Este libro, que tanto habla de pérdidas y de resurgimientos, permaneció atorado mientras Ana se iba. Se lo debía, desde luego. Mi adolescencia bebió mucho de sus enseñanzas, de las puertas literarias que me franqueaba. Si su hermano Terenci me abrió paso a su mundo glamouroso, sus fantasías y osadías periodísticas y literarias, Ana me presentaba la obra de novelistas que sin ella habría tardado mucho más en conocer, es decir, habría conocido en un tiempo mucho menos poroso, mucho menos sediento. Sin Carson MacCullers en su debido momento, cuando adolecía de certezas y no sabía venerar la incertidumbre, mi sensibilidad se habría sentido más sola. Sin Françoise Sagan derrapando siempre por delante, mi modernidad titubeante habría sido menos atrevida. Mary MacCarthy, Hannah Arendt, Rosa Chacel siguieron. Las mujeres de Ana, en ese panteón de la alta literatura al que ella misma pertenece, me mejoraron como lectora. ¿Qué más podía pedir?, pensaba mientras ella, con los tubos de respirar colocados en la frente, como unas gafas —como si se hubiera interrumpido en mitad de una conferencia, de un debate—, resucitaba las antiguas charlas que nos hacían mejores, las preguntas de nuestra curiosidad siempre insatisfecha.

Creativamente paralizada, pues —y gustosa de hallarme así: se lo debía a Ana por todo lo recibido—, regresaba a casa y me encerraba con mis miedos. Uno, no menor, era no poder terminar este libro, que la pena por las pérdidas dejara de ser mi aliada para convertirse en obstáculo.

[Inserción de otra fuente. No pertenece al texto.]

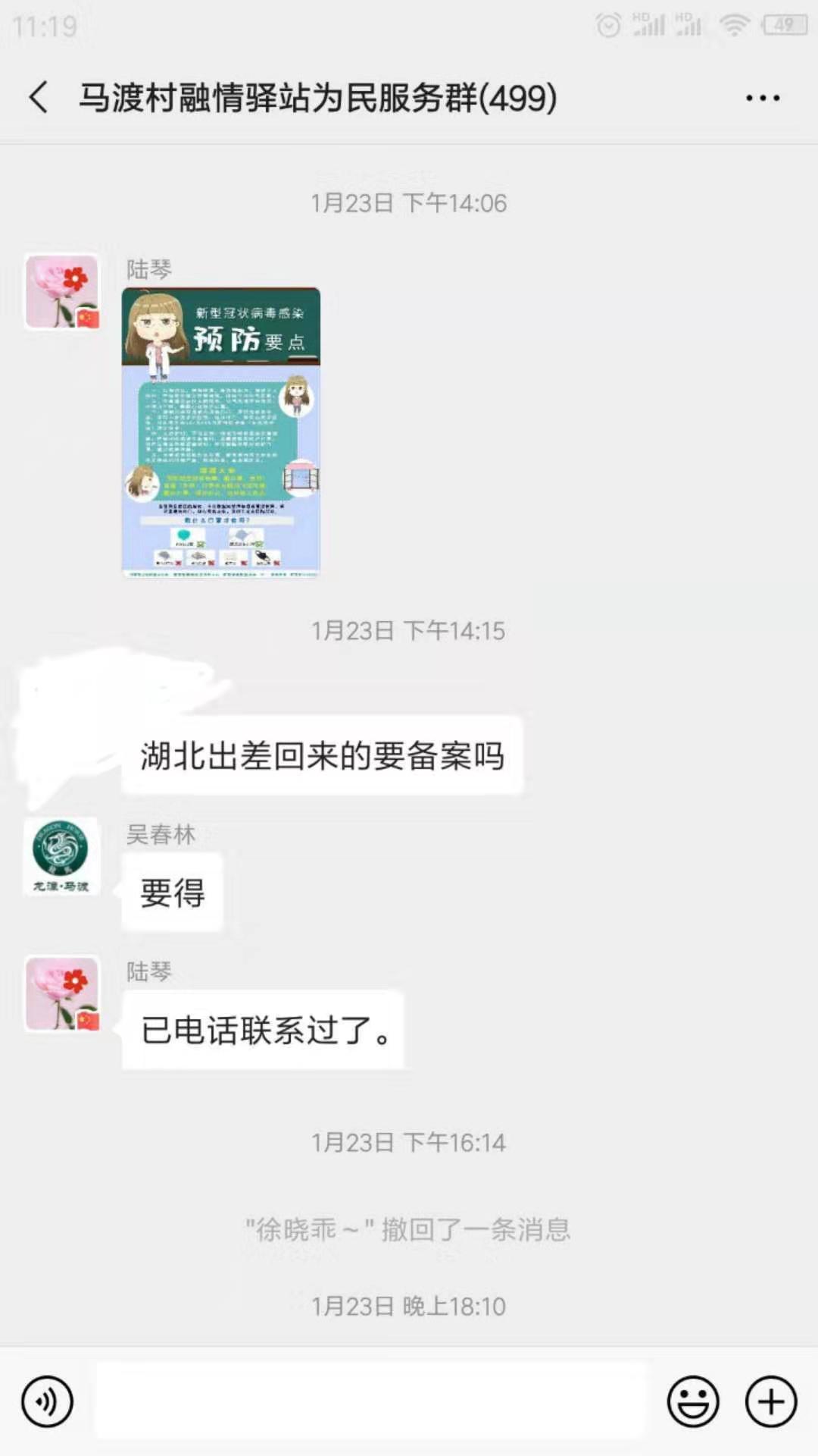 1月23日,村便民服务中心看到一村民在掌上云社区咨询问道:“湖北出差回来的要备案吗?”群主陆琴立马打电话给这个村民了解情况,该村民留下了自己的所有信息,主动向村委会进行报备,并将自行在家进行隔离和体温检测情况告诉了陆琴。村委会根据他的情况将其列为医学观察对象,及时的送去口罩、体温计等物资,宣传防护知识,告知不要外出、居家观察,目前该同志一切正常,无发热、感冒、腹泻等现象。

Soy fan de la Revista Mongolia desde su primer número, y he hecho lo posible para difundirla, incluso desde mis artículos de El País, a pesar de la tirria que allí le profesaban dado que, en su sección de informaciones serias —esa en la que previamente se avisa: «Si te ríes a partir de aquí, es asunto tuyo»—, no cesaban de publicar dosieres sobre el comportamiento de Juan Luis Cebrián y los entresijos financieros del diario.

Edu Galán, Dario Adanti, Rapa Carballo y mi antiguo compañero de redacción Pere Rusiñol —el que me pasó para firmar la carta contra el infame editorial sobre el Che Guevara—, así como el resto de la peña, me recibieron al día siguiente de mi salida del diario: en su revista, como colaboradora. Propuse la idea de un consultorio. Al día siguiente, Gonzalo Boye —todo un personaje, abogado defensor del juez Elpidio Silva, entre otras aventuras— me telefoneó para concertar los términos muy seriamente.

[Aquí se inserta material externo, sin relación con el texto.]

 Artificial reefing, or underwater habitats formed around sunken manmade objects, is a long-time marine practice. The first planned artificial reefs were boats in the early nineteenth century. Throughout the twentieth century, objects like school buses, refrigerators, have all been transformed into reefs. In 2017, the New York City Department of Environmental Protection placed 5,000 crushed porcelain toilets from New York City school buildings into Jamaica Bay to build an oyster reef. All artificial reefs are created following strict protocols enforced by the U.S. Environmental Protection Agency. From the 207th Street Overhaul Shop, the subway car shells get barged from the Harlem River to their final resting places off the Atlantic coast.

Entraba en una nueva y fascinante etapa. Cobraría poco —como la mayoría de los españoles en esta época de crisis—, pero tendría más libertad que nunca.

Con el mismo criterio empecé a escribir para eldiario.es, meses más tarde y después de calibrarlo muy bien, pues me parece la opción más inteligente: un periódico digital progresista, abierto a la participación y la opinión de sus lectores, sean o no socios, aunque me gustaría que cada vez hubiera más de los últimos. Me parece una buena fórmula para conseguir información de confianza. Y sin rémoras del pasado, sin viejas glorias despechadas. Yo puedo ser vieja, pero no me siento gloriosa, y me gusta demasiado la alegría para cobijar más rencor del necesario. Le tengo, además, mucha admiración al sagaz periodista Ignacio Escolar, que dirige mi nuevo medio.